Edward Edmund Nowak (born 16 November 1950 in Kraków) is a Polish engineer, opposition activist in the Polish People's Republic, administrator, state official and politician.

He has been a member of NSZZ “Solidarność” since 1980. He took part in the strikes at the Lenin Steelworks. He was arrested following the imposition of martial law in Poland and sentenced by a military court to three years and six months’ imprisonment. He was released under an amnesty in 1983. He was subsequently placed under surveillance by Security Service officers and was detained and interrogated on numerous occasions.

He served as a member of the Sejm for the 10th term. Deputy Mayor of Kraków from 1990 to 1991; Undersecretary of State in Ministry of Industry and Trade from 1992 to 1993 and from 1993 to 1995; Undersecretary of State at the Ministry of the Economy from 2000 to 2001. He was instrumental in reviving the Kraków Chamber of Industry and Commerce; he served as its president from 1989 to 1994.
== Biography ==
=== Polish People's Republic ===
In 1979, he graduated in electrical power engineering from the Faculty of Electrical Engineering, Automation and Electronics at the AGH University of Science and Technology in Kraków.

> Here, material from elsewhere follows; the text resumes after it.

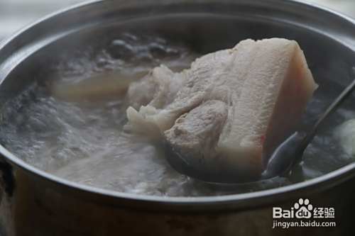 2、五花肉冷水下锅,放入葱、姜、料酒焯水2-3分钟,捞出沥干水分;
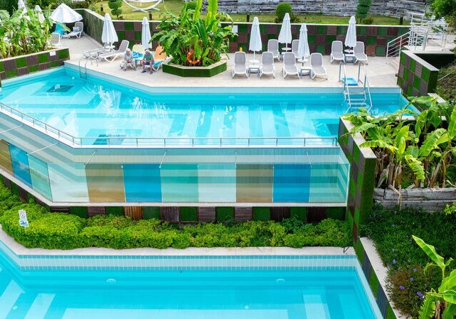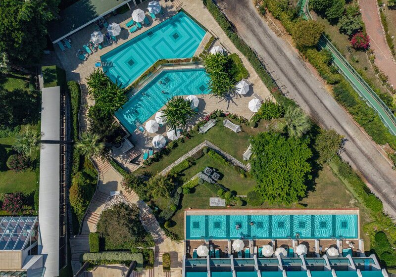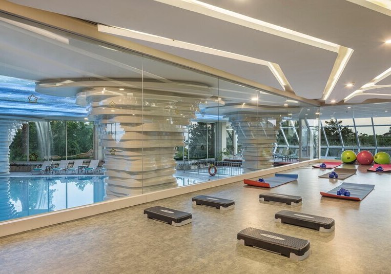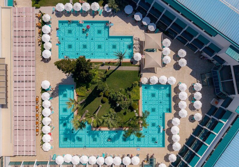 Im Spa-Bereich erwarten Euch ein traditionelles türkisches Bad (Hamam), Sauna und ein saisonal verfügbares Dampfbad. Ein Steinsalz-Raum ergänzt das Angebot, dazu kommt ein Hallenbad für wetterunabhängige Bahnen. Draußen verteilt sich das Geschehen auf mehrere Süßwasserpools, darunter ein separater Kinderbereich und zwei Wasserrutschen.

Between 1969 and 1985, he was employed at the Lenin Steelworks. Between 1971 and 1981, he was a member of the Polish United Workers' Party.

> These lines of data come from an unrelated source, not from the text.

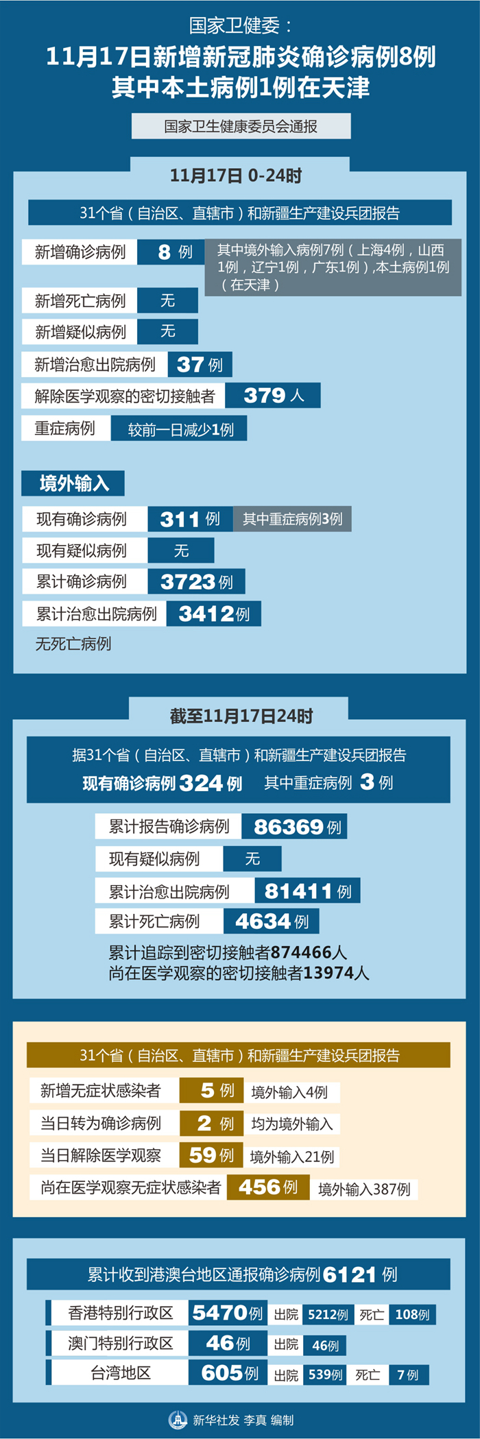 截至11月17日24時,據(jù)31個省(自治區(qū)、直轄市)和新疆生產(chǎn)建設(shè)兵團報告,現(xiàn)有確診病例324例(其中重癥病例3例),累計治愈出院病例81411例,累計死亡病例4634例,累計報告確診病例86369例,無現(xiàn)有疑似病例。累計追蹤到密切接觸者874466人,尚在醫(yī)學(xué)觀察的密切接觸者13974人。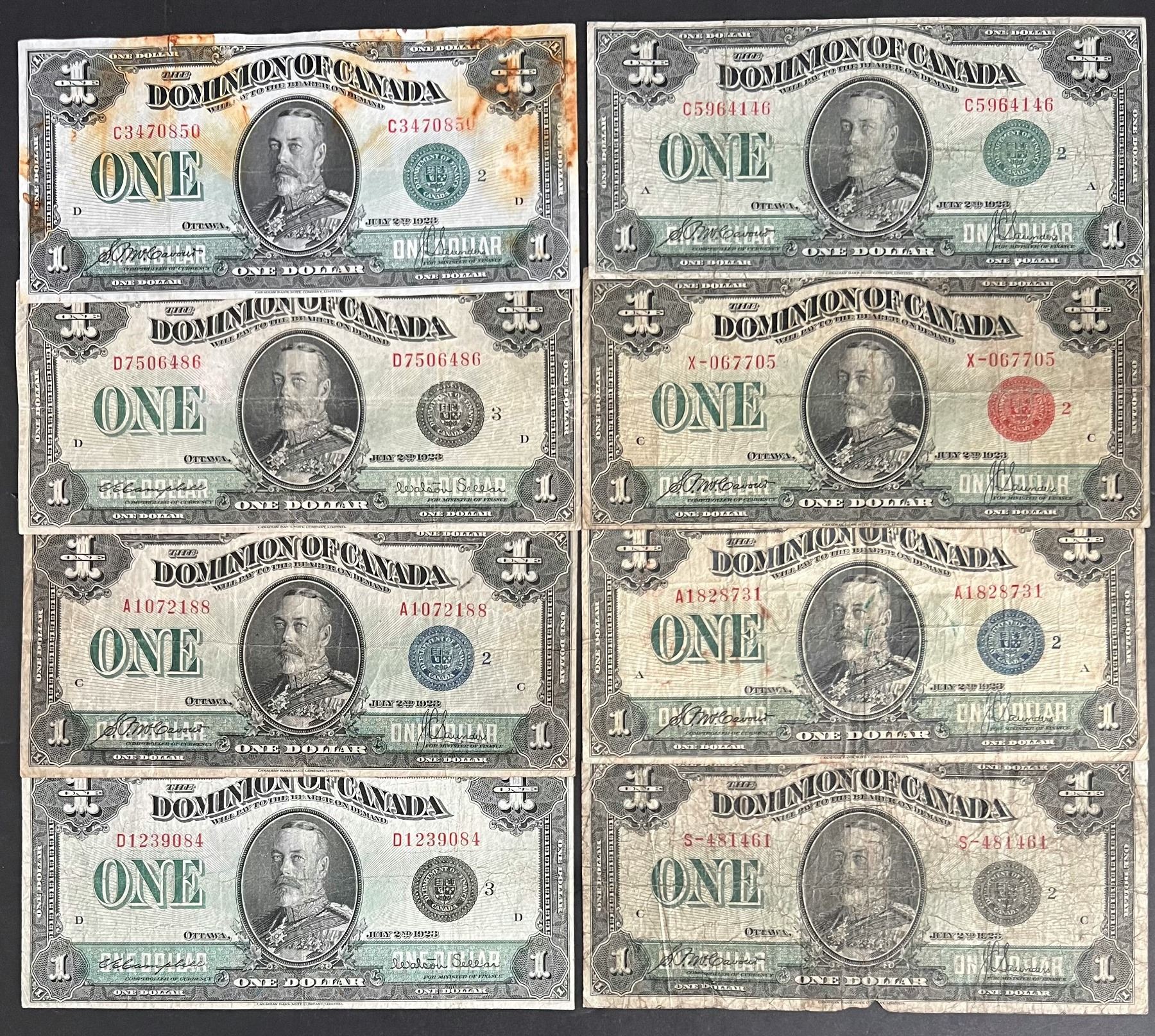 1923 $1's , group of 8 notes with various seals and check letters. VG to VF, one note with stains.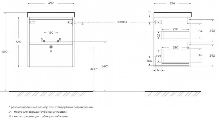 Характеристики товара Тумба под умывальник подвесная BelBagno PIETRA MINI 50 Bianco Lucido PIETRA MINI-500AS-2C-SO-BL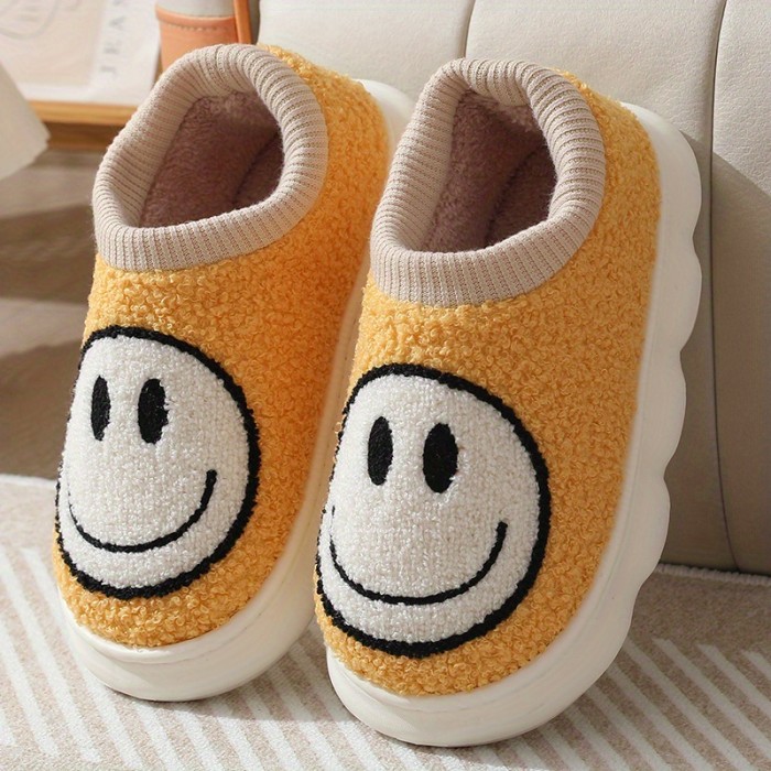 Cute Smile Face Fuzzy House Slippers, Closed Toe Memory Foam Slip On Shoes, Winter Warm Home Slippers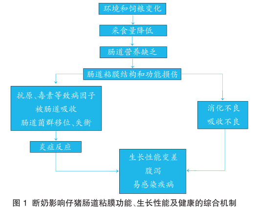 抗生素的大量使用使得细菌的耐药性成为危害公共安全的问题。畜禽养殖过程中使用抗生素产生的耐药性问题也可能通过畜禽产品和环境传导给人类。因此饲料禁抗,养殖减抗是生产绿色安全食品,降低环境耐药菌风险的必然趋势。这里要强调的是,饲料禁抗并不是说在整个养殖过程中不能使用抗生素仅仅是饲料中不能添加抗生素而已。这与无抗养猪(通常指商品代猪从出生到出栏整个养殖过程中不使用任何抗生素)和无抗猪肉(无抗生素残留的猪肉)是不同的概念。毫无疑问,无抗猪产出的肉一定是无抗猪肉,但无抗猪肉不一定来源于无抗猪。 饲料禁抗后至少需要直面两大问题:①如何控制哺乳仔猪和断奶仔猪的腹泻?②如何克服保育后换料应激?欧洲是世界上最早提出饲料无抗的地区。通过总结他们在无抗饲料方面的经验发现,禁抗后第一年料肉比增加、治疗用药量增加,尤其是关节炎和腹泻治疗用药增加明显,这一现象大约会持续一年。现在,我们如何在饲料禁抗后避免再走别人走过的老路,如何才能维持甚至进一步降低料比?饲料配方如何调整?用料方式要怎样改变?如何避免不必要的治疗用药增长?猪场应做如此应对措施?这将是本文要探讨的问题。 1 无抗猪料的配方技术要点 陈代文等(2020)提出的动物抗病营养原理与技术为无抗猪料的配方技术提供了全面的框架性指导。分别从饲料配方要素(营养源、营养水平和添加剂组合)、配方目标(增强肠道健康减少饲源性致病因子、降低病原性致病因子)和技术实现方式(配方变化、料型变化和饲喂方式变化)三个方面着手,达到饲料无抗,且饲料更高效的目的。 1.1 提高采食量的意义 维护肠道健康是断奶仔猪料的核心目标,高采食量、高消化率是实现该目标的根本基础。乳猪断奶后,环境和饲粮改变导致采食量降低,进而引起肠道营养缺乏,肠道粘膜功能受损。肠道结构受损产生的后果就是消化吸收不良,再加上饲料中的抗原(如大豆抗原)毒素被肠道吸收,肠道菌群移位和过度繁殖引起肠道炎症。最终导致生长性能变差,腹泻,甚至生病。 仔猪断奶综合征的发病原理 以上就是仔猪断奶综合征的发病原理(图1)! |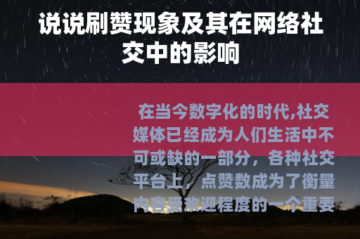 在当今数字化的时代,社交媒体已经成为人们生活中不可或缺的一部分,各种社交平台上,点赞数成为了衡量内容受欢迎程度的一个重要指标,而与之相关的刷赞行为也逐渐引起了人们的关注。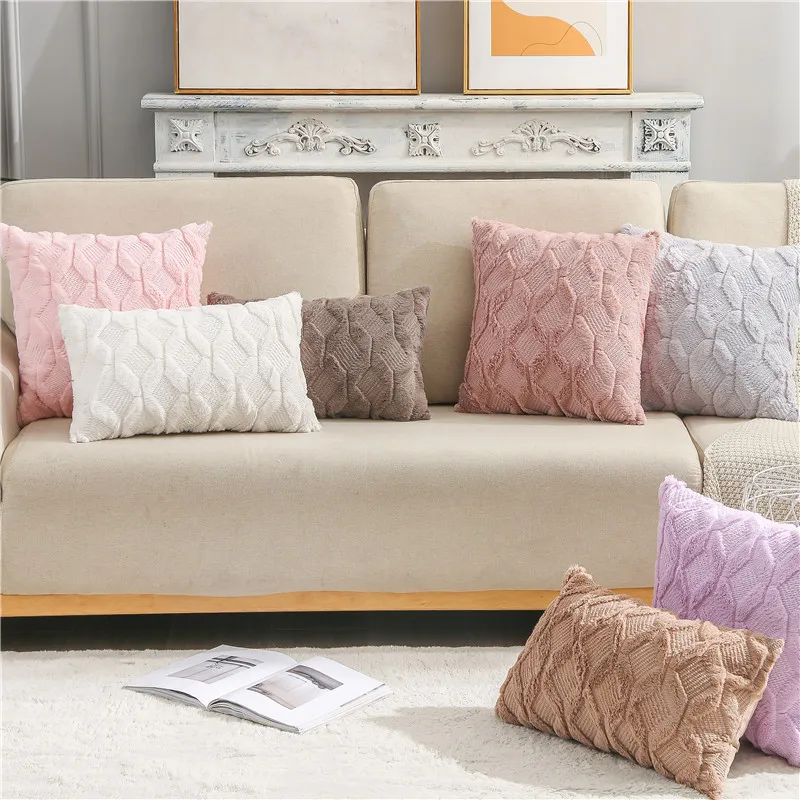 Confort y sofisticación de la Funda de cojín de felpa con rombos 3D

In August 1980, he joined the Independent Self-Governing Trade Union ‘Solidarity’. He was a member of the strike committee at the rolling mill department of his workplace, and in September he co-founded the ‘Solidarity’ structures within the steelworks. He became a member of the Steelworkers’ Committee. From 17 March 1981, he served as the representative of the Lenin Steelworks in the “Solidarity” Network of Workplace Organisations. He took part in work on the national economic programme for “Solidarity” and on the draft of the so-called “social enterprise”, intended as an alternative to the government’s enterprise management schemes. In 1981, together with Mirosław Dzielski, he co-founded a housing cooperative organised by the Steelworkers’ Workers’ Committee, as well as an educational initiative known as the University of Democracy. In the same year, he became chairman of the founding committee of the steelworks’ workers’ self-government. In July 1981, he was a delegate at the First General Assembly of Delegates of the Małopolska Region in Tarnów. He subsequently took part in the First National Congress of Delegates of NSZZ “Solidarność” in Gdańsk.

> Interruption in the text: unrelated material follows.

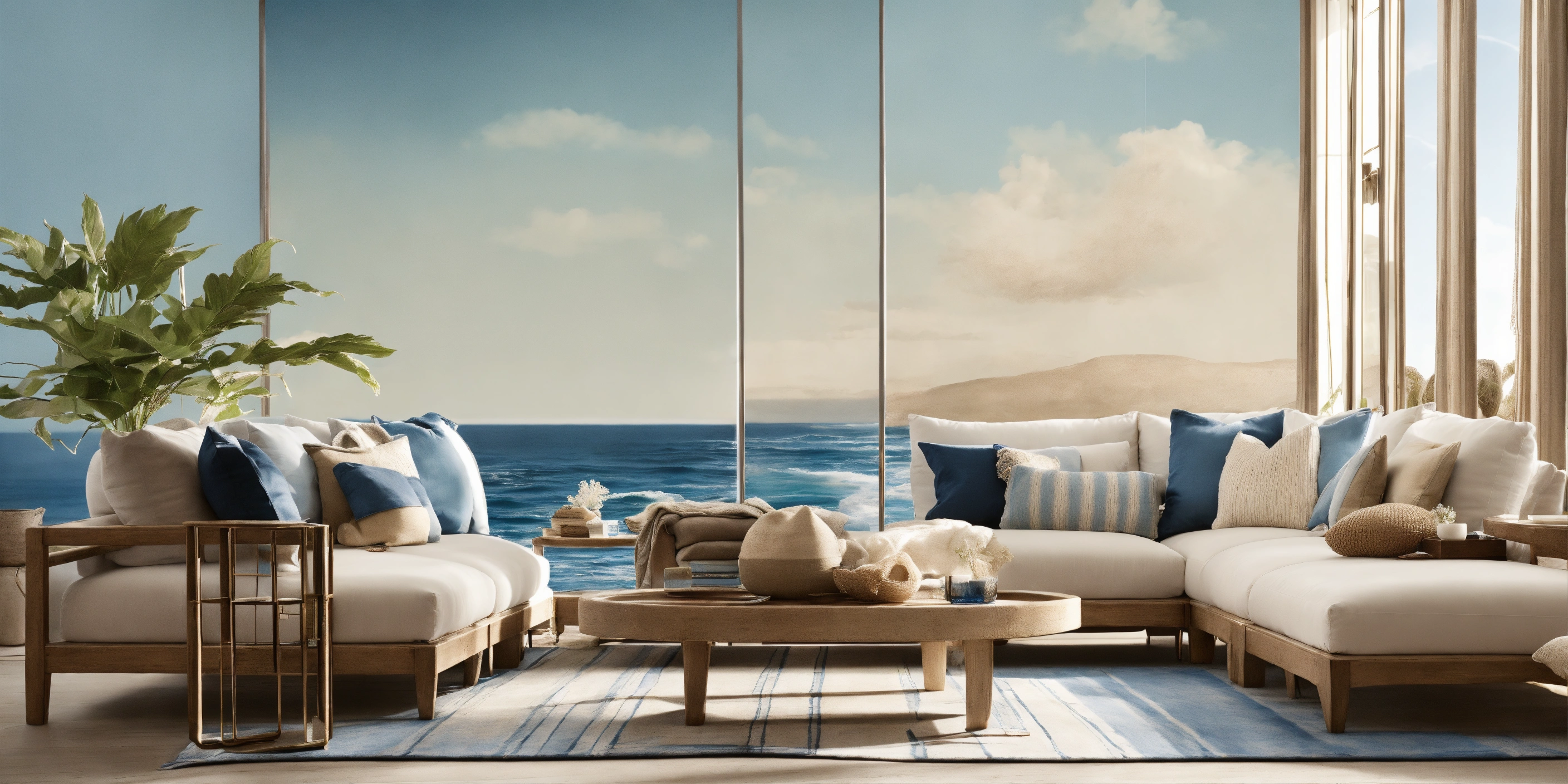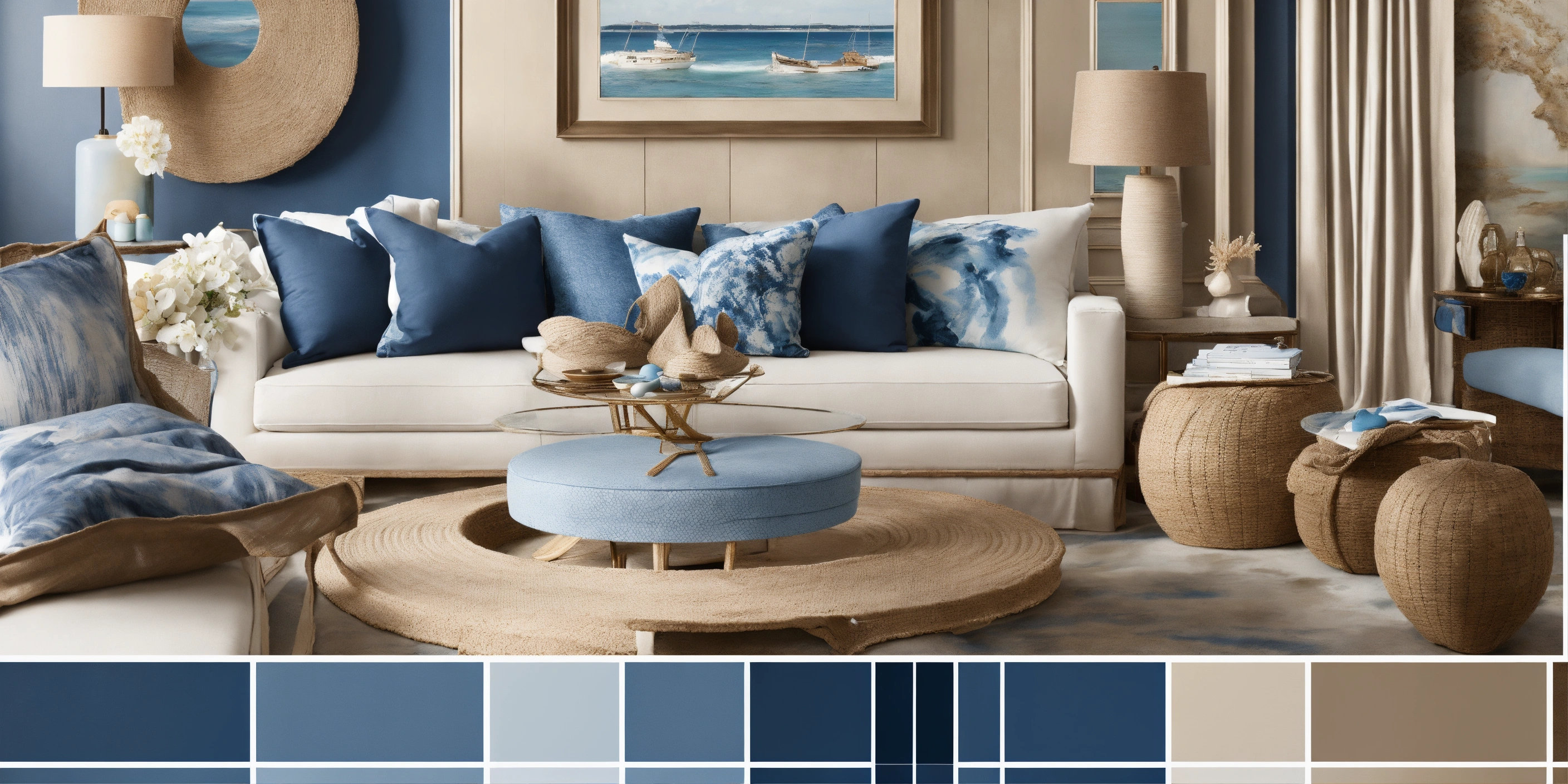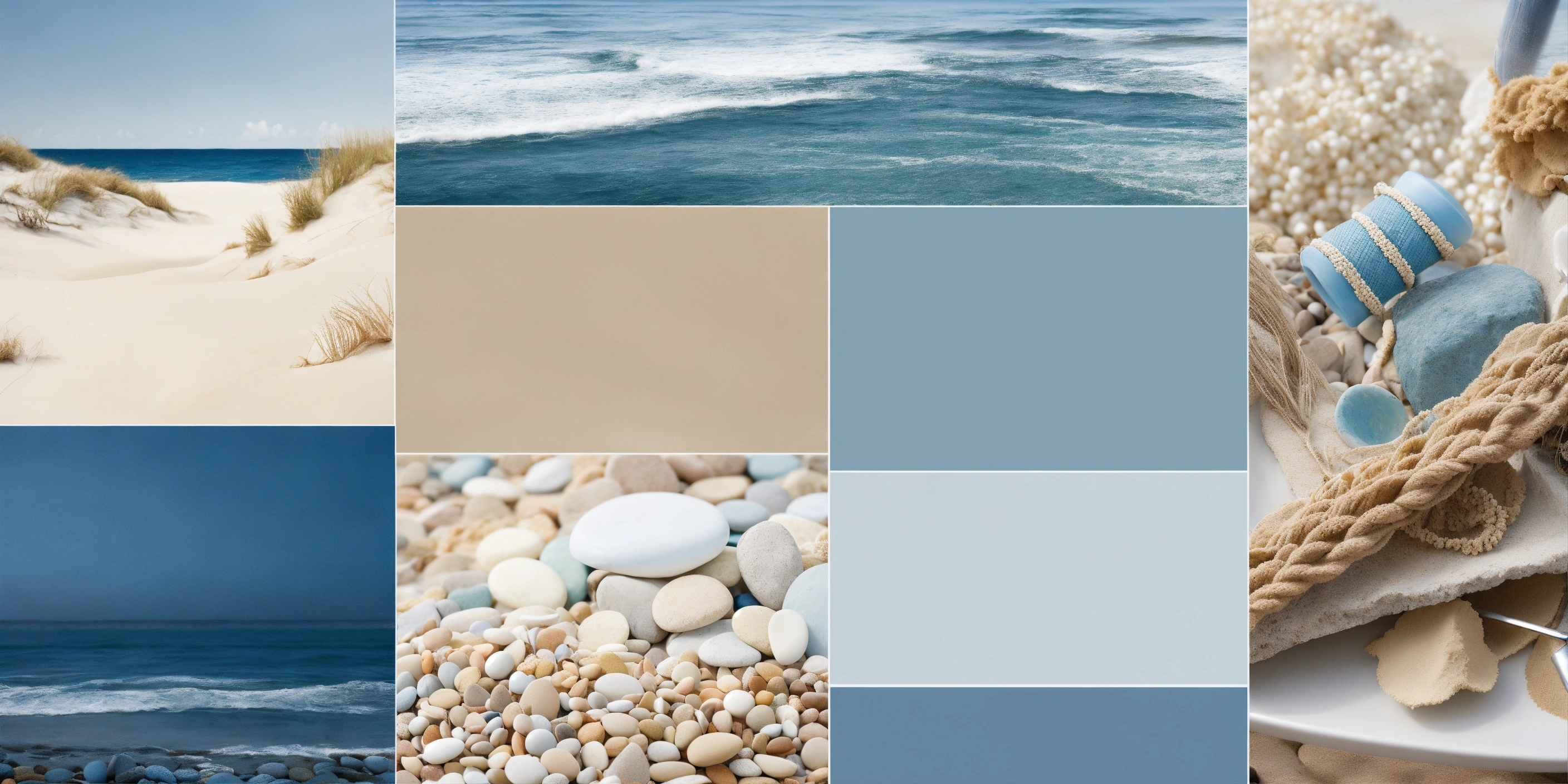 Hyper-realistic paint color palette luxury interior design board varying blues and whites and sandy neutrals and beach elements, fabric swatches, and maritime elements.

From 13 to 16 December 1981, following the imposition of martial law, he was a member of the Strike Committee at the Lenin Steelworks. After the strike was suppressed, he went into hiding. On 13 January 1982, Edward Nowak was detained and subsequently remanded in custody. On 25 February 1982, for organising the strike, he was sentenced in summary proceedings by a military court in Warsaw to three years and six months’ imprisonment; he was also deprived of his civil rights for two years. He lost his job at the steelworks at that time. He was initially held in a remand centre in Kraków, and subsequently, amongst other places, in Racibórz Prison. He was released on 8 August 1983 under an amnesty. In August 1983, he was reinstated at the Lenin Steelworks, but on worse terms of employment than before.

He served as an adviser to the Secret Workers’ Commission of Steelworkers. In March 1984, he co-founded the Society for Aid to Prisoners, and in November of that year, the Citizens’ Initiative in Defence of Human Rights Against Violence. On 3 May 1985, he was detained and subsequently re-arrested for taking part in the celebrations marking the anniversary of the adoption of the Constitution of 3 May in Kraków. He was then dismissed from his job once again. He was released from custody on 3 July 1985. Until the end of the 1980s, he was under surveillance by officers of the Security Service, and was detained and interrogated.

Between 1985 and 1986, he worked as a senior specialist at CERPRI, the Construction Ceramics Industry Investment Implementation Company. Between 1986 and 1988, he was a plant manager at the ARTCO Foreign Trade Company in Brzezie. From October 1986, he was a member of the open Steelworkers’ Commission; in the same year, he was one of the press spokespeople for the strike at the Lenin Steelworks.

=== Third Polish Republic ===
In 1989, he became active in the Kraków ‘Solidarity’ Citizens’ Committee. In the same year, in the first partially free parliamentary elections, the 1989 Polish parliamentary election, he was elected to the Sejm of the 10th term as a candidate for the Citizens’ Committee in the Nowa Huta constituency. During his term of office, he was a member of the Civic Parliamentary Club, served as deputy chair of the Special Committee for the Examination of Certain Legislative Initiatives, and was also a member of the Special Committee for the Examination of Draft Laws Relating to Economic Stabilisation and Systemic Changes, as well as the Committee on Foreign Economic Relations and Maritime Economy.

In 1989, he co-founded the Kraków Foundation for Social Communication and became a member of the Kraków Industrial Society. In the same year, he initiated the reactivation of the Kraków Chamber of Industry and Commerce. He served as its president from 1989 to 1994. From 1990 to 1991, he was deputy mayor of Kraków.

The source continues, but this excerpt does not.